Макс мигом смолк, торопливо натянул рукавицу и взялся за оружие. Как специально луна ушла за облако, и вокруг стало так темно, что – как говорят русские – хоть глаз коли.

– Тихо, – шёпотом произнёс он.

– Вроде бы…

И тут в избе, где на ночь остановились первое отделение, кто-то страшно заорал. Это был не сигнал тревоги. Было очень похоже, что человек увидел нечто невероятно кошмарное. От этого крика оба караульных остолбенели. Этим воспользовался враг. Неожиданно для немецких солдат рядом с ними на расстоянии вытянутой руки оказался мужчина в коротком полушубке, меховой шапке и с большим ножом в руке. Неуловимый глазу взмах, глухой удар и напарник Макса беззвучно падает на утоптанный снег.

– А-а-а! – заорал пулемётчик и надавил на спусковой крючок, держа оружие на весу. Повезло, что в этот момент неизвестный стоял немного левее от ствола.
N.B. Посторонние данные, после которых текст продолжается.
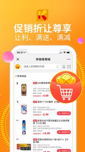 快销易app,是一款为实体店打造的快消品掌上采购平台,在这里可以批发采购商品,价格更优惠,折扣更多,送货上门,速度快有保障,可以给您的店铺提供源源不断的货源。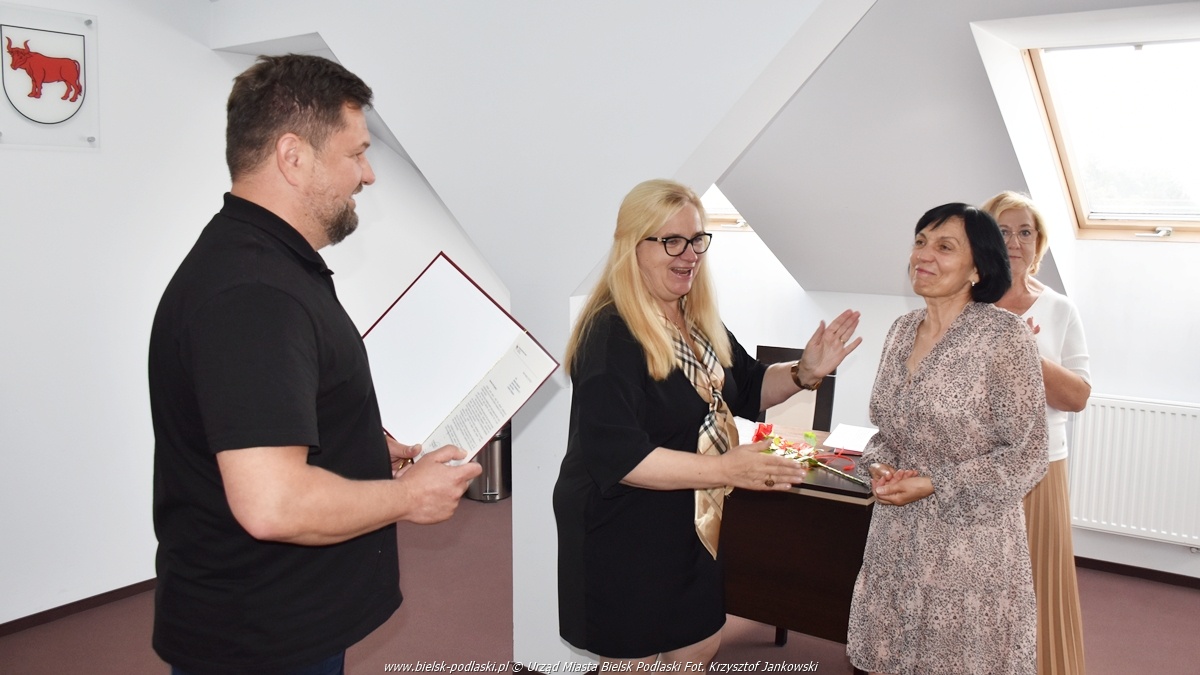 W sali konferencyjnej Urzędu Miasta Bielsk Podlaski odbyło się spotkanie dyrektorów miejskich placówek edukacyjnych, podczas którego Burmistrz Miasta Bielsk Podlaski Piotr Wawulski oraz Zastępca Burmistrza Iwona Kołos podziękowali pani Elżbiecie Nielipińskiej za wieloletnią i pełną zaangażowania pracę na rzecz najmłodszych mieszkańców naszego miasta.

В таком положении стрелку проще всего довернуть оружие в сторону цели. Краузе ещё подумал, что русский партизан красуется, пугает, иначе бы расправился с ним и его товарищем совершенно незаметно. А раз так, то пусть получит немецкого свинца и стали за свою браваду.

«Кусторез», как иногда солдаты называли МГ за его бешеную скорострельность (но если говорить начистоту, то она практически не использовалась из-за повышенного расхода патронов и жуткого перегрева ствола со всеми из этого вытекающими) выдал короткую пятипатронную очередь и замолк из-за патрона, вставшего под углом. Такое при стрельбе не с сошек у МГ случалось довольно часто. Впрочем, русскому хватило и этого. Все пять пуль угодили ему в живот и пробили насквозь тело, свалили того на снег недалеко от напарника Макса.

– Мразь… – пулемётчик только и успел произнести первое слово, когда увиденное заставило его замереть от ужаса и в одну секунду поседеть. Русский даже и не собирался умирать. На земле он оказался только от удара пулемётной очереди. И едва коснувшись снега, как вновь вскочил на ноги с жутким рычанием, которое мог издать какой-нибудь волк, но точно не человек. – «О матерь божья!», – это была последняя мысль в его голове перед тем, как ему в лицо прилетел кулак партизана, мгновенно отключив сознание.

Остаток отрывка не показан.